2) Struct destructors are always called and don't get optimized away even if the memory copy does. (i.e. I know there's a nice optimization to get out of the extra copy, but I don't know how you'd do it in DMD currently).

>
>
> Andrei

April 26, 2009
On Sat, 25 Apr 2009 19:44:18 -0400, Andrei Alexandrescu <SeeWebsiteForEmail@erdani.org> wrote:
> Christopher Wright wrote:
>> Simple solution: put the array definition in object.d and try implementing arrays with reference counting or manual memory management.
>>  I think stored slices break manual memory management, even with a dedicated slice type; but they should work just fine with refcounting. If you don't want to change the language, object.Array will have to implement the logic for slices and for allocated arrays. It's a bit ugly, and it makes the Array type larger. Also, Array's reference count would need to be accessed by reference.
>
> There are three schemes that are good starting points:
>
> 1. As right now :o).
>
> 2. Using refcounting. Arrays will be 4 words long (begin, end, end-of-store, refcount*) and slices will be 3 words long (begin, end, and owner*)

Or, use (begin, length, store*) for both arrays and slices and have the store contain (start, capacity, refcount).

> 3. Using manual management. Arrays will be 3 words long (begin, end, end-of-store) and slices will be 2 words long (begin, end). This is close to C++/STL. This case is less safe but very efficient.

Why store end-of-store? It's trivial to compute from the length. (If you have separate slice and array types, that is)

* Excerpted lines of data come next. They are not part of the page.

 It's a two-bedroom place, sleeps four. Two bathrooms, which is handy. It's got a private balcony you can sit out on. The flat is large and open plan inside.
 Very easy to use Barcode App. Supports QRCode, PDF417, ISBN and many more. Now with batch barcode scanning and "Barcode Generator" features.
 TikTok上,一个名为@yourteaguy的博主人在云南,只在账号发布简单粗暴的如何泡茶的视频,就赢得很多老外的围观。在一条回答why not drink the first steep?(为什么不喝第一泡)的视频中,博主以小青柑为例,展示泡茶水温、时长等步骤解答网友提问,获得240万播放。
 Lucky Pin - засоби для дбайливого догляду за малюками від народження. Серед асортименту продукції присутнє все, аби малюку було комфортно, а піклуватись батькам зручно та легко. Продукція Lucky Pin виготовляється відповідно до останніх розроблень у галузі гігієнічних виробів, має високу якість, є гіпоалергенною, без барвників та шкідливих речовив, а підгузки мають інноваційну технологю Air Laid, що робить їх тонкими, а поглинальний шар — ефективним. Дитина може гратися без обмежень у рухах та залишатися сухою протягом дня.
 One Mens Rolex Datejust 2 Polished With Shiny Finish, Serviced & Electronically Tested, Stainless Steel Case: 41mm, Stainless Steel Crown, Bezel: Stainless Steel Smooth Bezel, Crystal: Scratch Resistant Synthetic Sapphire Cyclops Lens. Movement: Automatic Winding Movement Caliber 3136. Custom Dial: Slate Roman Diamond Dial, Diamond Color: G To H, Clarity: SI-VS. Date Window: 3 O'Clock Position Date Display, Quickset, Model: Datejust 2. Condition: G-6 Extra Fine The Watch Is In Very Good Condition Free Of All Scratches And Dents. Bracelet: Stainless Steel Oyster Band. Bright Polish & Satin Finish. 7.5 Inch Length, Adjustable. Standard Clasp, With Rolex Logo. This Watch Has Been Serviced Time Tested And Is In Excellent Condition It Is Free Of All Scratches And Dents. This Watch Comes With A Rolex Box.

> If we manage to integrate them all... that's quite the holy grail. And I think it's entirely possible with only a few changes to the language.
>
>
> Andrei

April 26, 2009

Andrei Alexandrescu wrote:
> It looks we can't make it with only T[]. We need a genuine container type, and T[new] was suggested. It would probably have value semantics.
> 
> T[U] seems to have the same problem. If T[U] is the range, then how do you call the container?
> 
> If we follow through with a no-garbage-collected option for the core types, then we also need to distinguish between a slice and its container. The fact that we (almost) got away with T[] being at the same time the container and the slice was that the garbage collector would collect all unused slices.
> 
> Andrei

I've got a few problems understanding this thread.

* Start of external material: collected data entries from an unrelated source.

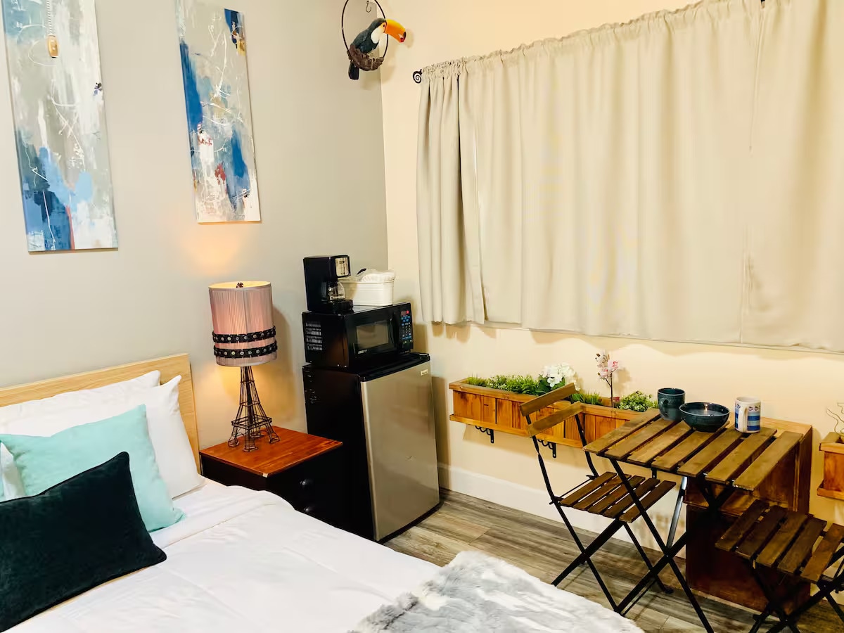 The cottage features full amenities that include: Tempurpedic™ queen-size bed. Wi-Fi . Cable HDTV, air conditioning, refrigerator, microwave, wet bar, coffee maker, toaster, and iron. Window seat for sitting, reading or lounging. Private entrance and patio connecting to a courtyard and Japanese garden. Spacious bathroom with 12 foot high tiled shower. French doors open to a private sitting area. If the days are booked in the cottage we might have an opening at, Mikes House and Garden.
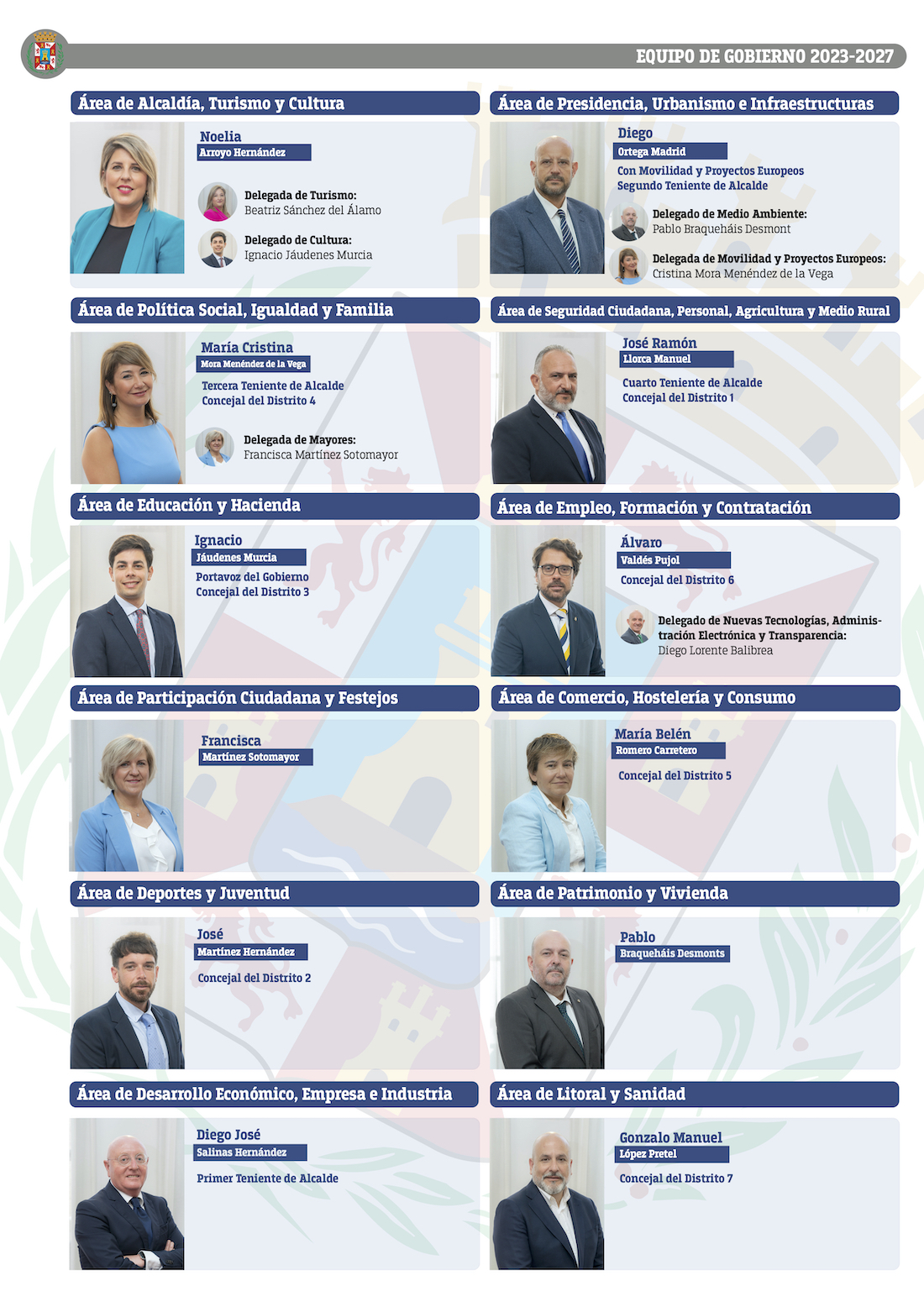 Por lo que respecta a la nueva estructura del gobierno, se ha creado el Área de Litoral, que estará a cargo de Gonzalo López Pretel, que se encargará de la gestión del mantenimiento de las playas, la supervisión de los servicios a los bañistas y la coordinación de los servicios municipales en las poblaciones de costa del municipio.
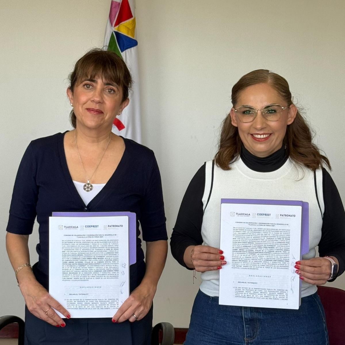 En el acto protocolario, Rosa Elena Nava García Méndez, presidenta ejecutiva del Patronato, y Mónica Yazmín Jiménez Gutiérrez, titular de la Coeprist, destacaron que esta coordinación permitirá que la Feria de Tlaxcala se desarrolle en condiciones seguras para los miles de visitantes y familias y que arriban cada año a disfrutar de las actividades culturales, artísticas, recreativas, comerciales y gastronómicas.
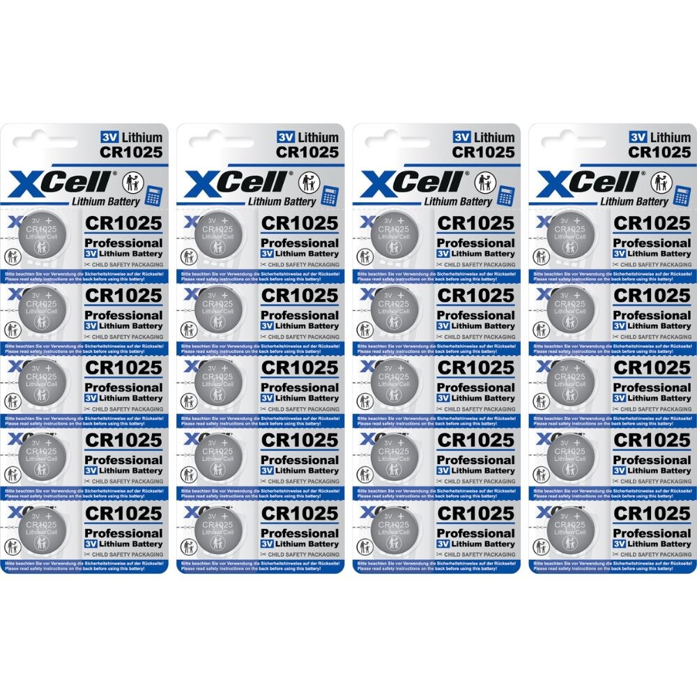 20x CR1025 XCell Lithium-Knopfzelle 3V/25mAh (4x 5er Pack)

1. What exactly do you mean by "genuine container type"?  That says to me there's some ISO standard or something arrays don't conform to.  I saw earlier you specify the lack of a capacity field; is that really it?

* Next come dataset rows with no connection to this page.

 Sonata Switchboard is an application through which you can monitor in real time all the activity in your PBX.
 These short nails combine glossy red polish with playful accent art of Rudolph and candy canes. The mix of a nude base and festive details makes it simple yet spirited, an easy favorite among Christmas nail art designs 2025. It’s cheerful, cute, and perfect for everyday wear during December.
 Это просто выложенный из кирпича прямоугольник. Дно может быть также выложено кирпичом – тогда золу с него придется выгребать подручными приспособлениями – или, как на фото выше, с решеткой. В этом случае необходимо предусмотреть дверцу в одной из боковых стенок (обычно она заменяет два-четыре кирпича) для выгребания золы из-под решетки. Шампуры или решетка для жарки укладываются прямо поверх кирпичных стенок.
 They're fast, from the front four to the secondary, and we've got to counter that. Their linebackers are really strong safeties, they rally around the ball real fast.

   If so, why not call it a capacity-aware array (or capacitive array :P).

2. I don't see why you want these to have value semantics.  What's the motivation here.  Note that "because we need it" isn't a valid answer; a link to an explanation would be great, if one exists.  :)

3. I'm really uncomfortable with the idea that the semantics of slices changes when you switch off the GC.  That means you have a valid program before, you throw -gc, and suddenly you get inscrutable crashes.

As for the names, maybe we've got this backwards.  What about these:

T[]      -- a freshly created array
T[..]    -- a slice of an array
T[U]     -- a freshly created associative array
T[U..]   -- a slice of an associative array

Otherwise, creating a new array would be (new T[new]) which looks
stupid.  That, or it's (new T[x]) and the result type is (T[new]) which
is inconsistent with every other type in the language.

Also, this means static arrays stay as T[n].

On another topic, you mentioned that (using your notation again) T[new] would have four words: begin, end (but I liked length! :( ), end-of-capacity and refcount*.  Could you pull a COM trick and stick the capacity and refcount out the front of the array data?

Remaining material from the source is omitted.